The group claimed inspiration from a man they called “Captain Ludd” or “King Ludd” – a reference to Ned Ludd, a weaver from the region who had allegedly stood up to mistreatment a few decades earlier by destroying a pair of knitting frames. Their movement, though apolitical and at times disorganized, became known as the Luddites. For years they managed to wreak havoc throughout England. Their stated objective was to prevent “all machinery hurtful to commonality”, which meant, as a group of Luddites explained in a letter in 1812, not all machines or all technology; only that which could do harm to the common good.
They lived in a time of great social upheaval and economic distress.

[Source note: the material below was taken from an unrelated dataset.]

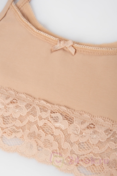 Лифчик для девочки и трусы слипы украшены атласными бантиками. Майка-топ на тонких бретелях не стесняет движений, а хлопковые трусики-слипы с мягкой резинкой приятно прилегают к телу.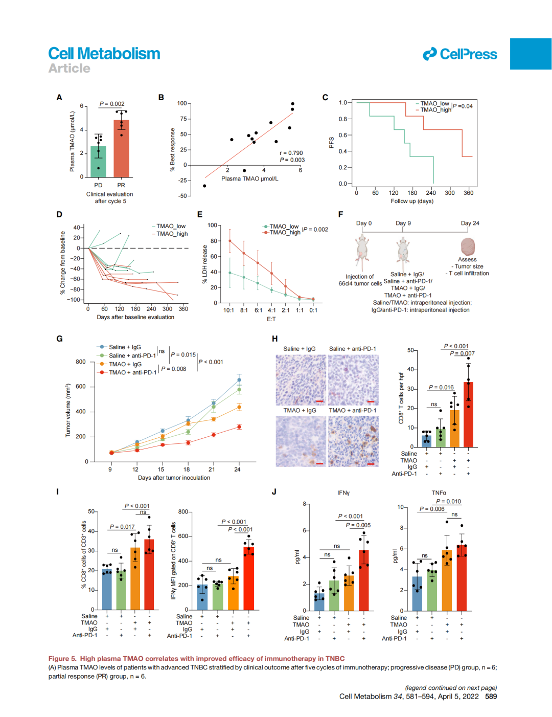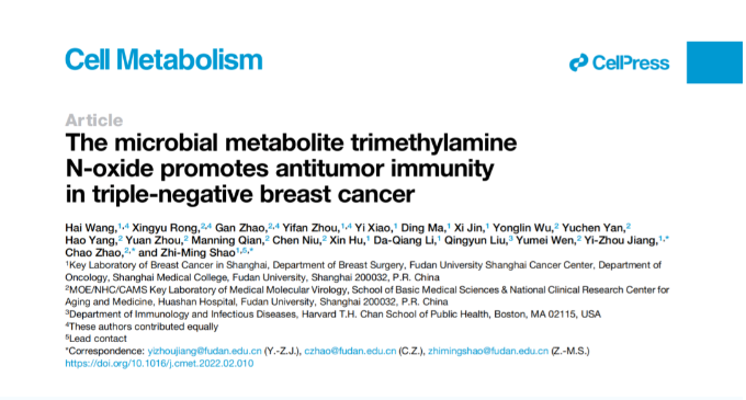 乳腺癌的發(fā)病率逐年增高,并成為中國(guó)女性發(fā)病率最高的惡性腫瘤,是人們常說(shuō)的“紅顏殺手”。其中,三陰性乳腺癌惡性程度較高,患者生存預(yù)后較差,易出現(xiàn)早期復(fù)發(fā)和轉(zhuǎn)移,且既往缺乏有效的針對(duì)性治療策略,素有最“毒”乳腺癌之稱。近日,復(fù)旦大學(xué)腫瘤醫(yī)院邵志敏教授、江一舟教授課題組攜手復(fù)旦大學(xué)基礎(chǔ)醫(yī)學(xué)院教育部/衛(wèi)健委/醫(yī)科院醫(yī)學(xué)分子病毒學(xué)重點(diǎn)實(shí)驗(yàn)室趙超課題組,發(fā)現(xiàn)微生物代謝產(chǎn)物氧化三甲胺(TMAO)可以激活抗腫瘤免疫,提高三陰性乳腺癌免疫治療療效。這意味著微生物代謝產(chǎn)物TMAO有望成為三陰性乳腺癌臨床免疫治療的新策略,助推免疫治療。該項(xiàng)重要研究成果已在北京時(shí)間3月12日凌晨在國(guó)際權(quán)威期刊Cell Metabolism(《細(xì)胞代謝》)以封面文章發(fā)表。

Their movement was about much more than technology, one of many factors enabling a revolution that was changing traditional ways of life and creating societal gaps. It was about growing inequality, poor working conditions, and the belief that their world was changing for the worse. But at the same time, technology was the most tangible of these factors, and as such, one that the average man could directly attack and hope to affect to some measure.
Fast forward to 2011. This “Luddite Bicentennial” seems a good opportunity for language-service professionals in general – and translators in particular – to pause and to take stock of their own modern technological reality. This is likewise a time of upheaval, with advances in artificial intelligence, software, and means of communication that threaten the way in which language services have been, and are being, rendered.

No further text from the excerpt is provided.